In the case of impurity emission, the emission spectrum essentially broad. If the amount of charge injected increases, the emission spectrum sometimes shifts. If high color purity is required or when required is a light output in the narrow wavelength range tape edge emission is preferred.  

It is preferred to reduce the amount of impurities contained in the luminescent layer in order to realize a light centering device with band edge emission. In particular, the concentration of elements, e.g. B. Si, Ge, Mg, Cd and Zn preferably not larger than 10¹⁹ cm ^-3 , be particularly preferably not more than 10¹⁸ cm ^-3 .

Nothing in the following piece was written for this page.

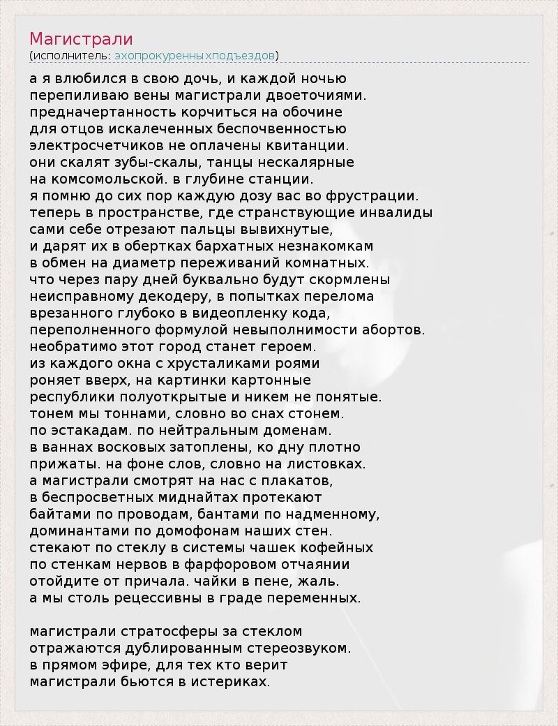 а я влюбился в свою дочь, и каждой ночью перепиливаю вены магистрали двоеточиями. предначертанность корчиться на обочине для отцов искалеченных беспочвенностью электросчетчиков не оплачены квитанции. они скалят зубы-скалы, танцы нескалярные на комсомольской. в глубине станции. я помню до сих пор каждую дозу вас во фрустрации. теперь в пространстве, где странствующие инвалиды сами себе отрезают пальцы вывихнутые, и дарят их в обертках бархатных незнакомкам в обмен на диаметр переживаний комнатных. что через пару дней буквально будут скормлены неисправному декодеру, в попытках перелома врезанного глубоко в видеопленку кода, переполненного формулой невыполнимости абортов. необратимо этот город станет героем. из каждого окна с хрусталиками роями роняет вверх, на картинки картонные республики полуоткрытые и никем не понятые. тонем мы тоннами, словно во снах стонем. по эстакадам. по нейтральным доменам. в ваннах восковых затоплены, ко дну плотно прижаты. на фоне слов, словно на листовках. а магистрали смотрят на нас с плакатов, в беспросветных миднайтах протекают байтами по проводам, бантами по надменному, доминантами по домофонам наших стен. стекают по стеклу в системы чашек кофейных по стенкам нервов в фарфоровом отчаянии отойдите от причала. чайки в пене, жаль. а мы столь рецессивны в граде переменных. магистрали стратосферы за стеклом отражаются дублированным стереозвуком. в прямом эфире, для тех кто верит магистрали бьются в истериках.

If tape edge emission is used, that depends Luminous efficacy from lattice defects in the luminescent layer from time to time becomes smaller with the amount of lattice defects. It is therefore required the amount of lattice defects in the luminescent layer to keep it as small as possible. Accordingly, the invention appropriate base layer a great effect for improvement the luminous efficiency of the light-emitting band edge emission contraption.

In the III-V compound semiconductor, if the InN mixed crystal ratio of the luminescent layer is high, the thermal stability is not sufficient, and the semiconductor may deteriorate during crystal growth or the semiconductor process. In order to prevent such deterioration, the charge injection layer 6 with a small InN mixed crystal ratio can be given a protective layer function by placing the charge injection layer on the luminous layer with a high mixed crystal ratio (hereinafter, the charge injection layer in this case is sometimes called a "protective layer "designated) is arranged. The InN and the AlN mixed crystal ratio of the protective layer is preferably not greater than 10% or not less than 5% in order to give the protective layer an adequate protective function. The InN mixed crystal ratio is particularly preferably not greater than 5% and the AlN mixed crystal ratio is not less than 10%.

The thickness of the protective layer is preferably 10 Å to 1 µm to ensure that the protective function has an adequate protective function to rent. If the thickness of the protective layer is less than 10 Å, insufficient effect can be achieved. If on the other hand, the thickness is greater than 1 µm, the light is off loot reduced, and this is therefore not preferred. Be it is particularly preferably 50 to 5000 Å.  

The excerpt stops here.